Even if your recipient seems to possess a great sense of humour when he or she is alone with you, that does not indicate a green light for you to give a funny gift that teases. Always remember that there are people out there who enjoy dishing it out and playing their jokes upon others, but when the tables are turned, they cannot take your ribbing no matter how harmless it may seem to be. It is in this way that some people are more selective than others in maintaining a sense of humour. If this is the case with your friend, you are a better off in taking the high road than in choosing a gift that may cause his haunches to rise. Remember too that what you and your friend once shared as a private joke between you many years ago, may not seem so funny to him now. Understand and accept that with maturity, a person’s perception as to what is funny and what is not may change with time.
So think twice before you decide to send or give a funny gift, and always remember that a gift is more than just a gift, it is an affirmation of the relationship that you share with your recipient right now. If you do decide to send a funny gift, be sure that it is one that will not only make the recipient laugh but that his guests will laugh as well. An appropriately funny gift should also turn out, somehow, to be useful later on, after the occasion has passed.
Does all of this serious talk about gift giving take the wind out of your sails when it comes to showing your good cheer? Well, don’t let it, because there are certain types of gifts that you can give that do manage to tickle a funny bone while remaining well within the bounds of what most people would consider acceptable humour.
Traditionally, these gifts are items which are not normally given as gifts, but for the circumstances of the occasion make them funny in and of themselves. The young graduate, for example, who is sure to set the world afire, may be given a fancy lighter to start him blazing down his path.

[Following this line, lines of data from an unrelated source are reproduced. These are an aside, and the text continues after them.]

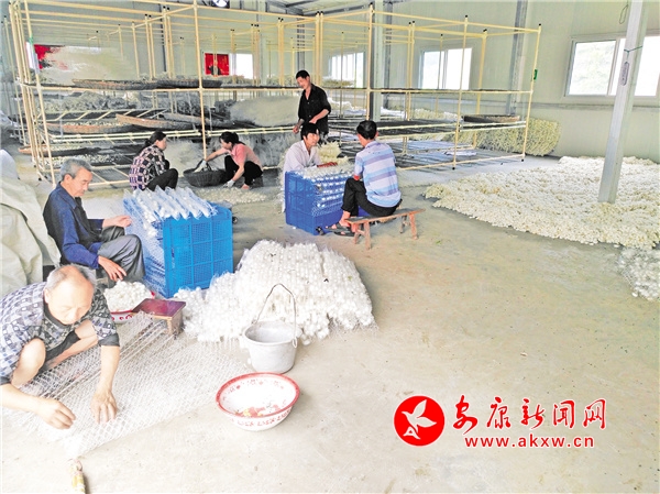 今年4月,養(yǎng)蠶工廠正式投入使用,帶動全村養(yǎng)蠶近200張,累計收入45萬余元,本村20余名脫貧勞動力在養(yǎng)蠶工廠實現(xiàn)就業(yè)。隨著養(yǎng)殖規(guī)模的擴大,養(yǎng)蠶工廠還采用收購桑葉的形式對全村30余戶外出務(wù)工人員的閑置桑園進行統(tǒng)一管護,不僅讓閑置桑園有了收益,而且極大地提振了村民發(fā)展蠶桑產(chǎn)業(yè)的信心。目前,夏蠶飼養(yǎng)近100張,較去年同期穩(wěn)步增長,秋蠶也列入了養(yǎng)殖計劃,實現(xiàn)一年三季養(yǎng)蠶目標(biāo)。
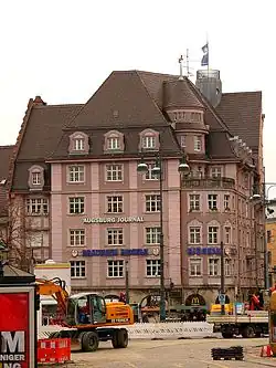 - „Riegele-Block“, ein Wahrzeichen der Augsburger Innenstadt an markanter Stelle am Königsplatz, Bürgermeister-Fischer-Straße 12, erbaut 1912–1915 im neubarocken Stil mit Jugendstilornamentik. Der Bau wurde benannt nach der ursprünglich dort befindlichen Bierhalle der Brauerei Riegele; die Innenräume sind heute verändert.
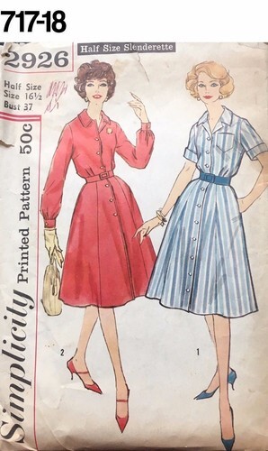VTG 1960s Sewing Pattern Simplicity #2926 Size 16-1/2 Bust 37 Shirt Dress
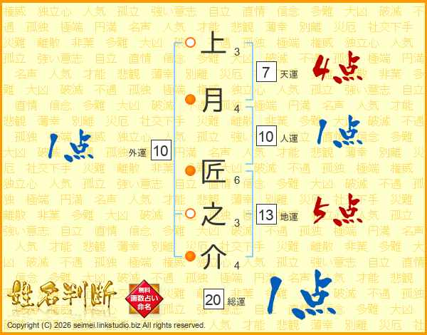 上(3画)月(4画) 匠(6画)之(3画)介(4画)
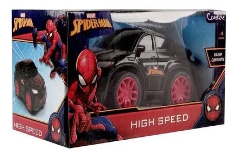 Carrinho Controle Remoto 3 funções - SpiderMan Homem Aranha High Speed Preto – Candide O Veículo de Controle Remoto - Disney - Marvel da Candide Spider Man , vem com um rádio controle de 3 funções para as crianças se divertirem muito Idade acima de 4 anos Utiliza 2 pilhas AA no controle e 3 pilhas AA no veículo ( não inclusas). Tamanho da embalagem 21 x11 x 11 cm Contem 1 carrinho e 1 controle Fabricante Candide

Gifts of anticipation can also be humorous in a good-hearted in a unique and sentimental way, and these gifts are the easiest to give when one’s financial situation does not allow for something bigger. As an example, a young sailing enthusiast might be given a world map wrapped up with a card that expresses something like the following : We hope that the enclosed map will help you to find all of the treasures of the world, and, the quickest way back home should you find yourself in need of a hot shower and a place to get your laundry done for free.
One last thing to keep in mind when choosing funny gifts for women, as a rule, woman are less appreciative of such things, especially when the gift is given by a male. According to a large-scale survey, the percentage of females who are receptive to receiving funny gifts is very insignificant in comparison to men. The reason is not likely to be that women, in general, lack the sense of humour of men, but more likely, it is because most women do not like to be made to feel as though they are being laughed at in any way. Just as women don’t commonly like to talk about their age, neither do they want to be reminded of it by the so-called funny cards and gifts they are bound to receive when turning yet another year.
In general occasions of gift giving are taken more seriously by women and by nature, women are more sensitive, and more likely, therefore, to be upset by someones clumsy attempt at being funny. It is always best with women to be sincere in your attempt to recognize an important occasion; always remember that with women, it is not about the gift itself, its about the thought that you put into picking it out for them. For her, it is your intention that turns a humbly wrapped trinket into precious treasure every time.